最初は見てもらうだけの予定だったが、グレタもヨザックも手伝いたいというので、薫が指揮を執りつつ、夕食を作ることになった。

エプロンを身につけ、長い髪を結い上げながら、グレタに優しく指導する薫を見て、

(役得だな…)

ヨザックは唇の端をあげた。

グレタと薫は、本物の親子のようだった。

薫は驚くほど料理に慣れており、教え方も上手い。

ヨザックも勿論、料理には慣れており、薫とも良いコンビで、流れはスムーズだ。

「コレは?」

「まず、半分に切って…。」

薫は、的確に細かく、グレタを指導し、グレタも熱心にそれを受ける。

ヨザックは微笑ましげにそれを見ていた。

(まぁ、決闘見れなかったから、コレぐらいは、許してもらえるよなぁ…)










―――――――――――――――――――


一方、仕事がある程度片付いた有利は、大きく伸びをしながら部屋を出た。

しばらく歩き、何やら厨房近くがざわついているのが視界に入った。

「何かあったのかな?」

「いえ、そういう報告はなかったですけど」

有利の問いに、コンラッドや他の臣下達も首をかしげた。

有利は、厨房近くを通っていた村田に声をかけた。

「何?何かあったの?」

「いや、薫が夕食作ってるんだよ。

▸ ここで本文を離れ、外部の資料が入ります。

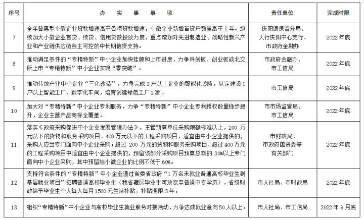 清單提出,制定出臺(tái)《慶陽(yáng)市落實(shí)進(jìn)一步加大對(duì)中小企業(yè)紓困幫扶力度的若干措施》和《慶陽(yáng)市貫徹落實(shí)甘肅省提升中小企業(yè)競(jìng)爭(zhēng)力若干措施實(shí)施細(xì)則》,幫助中小企業(yè)紓困解難;為“專精特新”中小企業(yè)建立“一戶一檔”成長(zhǎng)檔案,全面實(shí)施“一戶一策”精準(zhǔn)服務(wù),確保稅收優(yōu)惠政策應(yīng)享盡享;建立“專精特新”中小企業(yè)名單推送共享機(jī)制,開展“專精特新”中小企業(yè)銀企對(duì)接活動(dòng),全年為全市“專精特新”中小企業(yè)融資5000萬(wàn)元以上。

今日は和食かな」

村田は嬉しげに呟いた。

「どういう意味だ?
何故、アイツが厨房に…」

ヴォルフラムは不審げに村田に言った。

「なんかね、『まずは母親として手料理を娘に食べさせたい』らしいよ。
まぁ、結局一緒に作ってるけど」

「えぇ!?グレタも一緒にいるのか!?」

有利は何を想像したのか、目頭を押さえた。

「薫はもう立派な母親だよ。
まさか娘の手料理が食えるなんて!?」

感激のあまり、涙を流す始末…。

「じゃあ、僕は行くからまたね。夕食が楽しみだ…」

村田は、いつかの家庭科の調理実習の薫を思い出しながら、上機嫌で去っていった。

「貎下があんなに機嫌が良いなんて、珍しいこともあるんですね」

「あはは、確かにさっきの村田は別の意味で怖かったかも」

有利は空笑いだ。

「ぁ、ちょっと覗いていかない?」

有利が言うと、コンラッドもヴォルフラムも賛成した。

ちょっとした人垣をよけ、厨房を除き見る。


あきゅろす。
無料HPエムペ!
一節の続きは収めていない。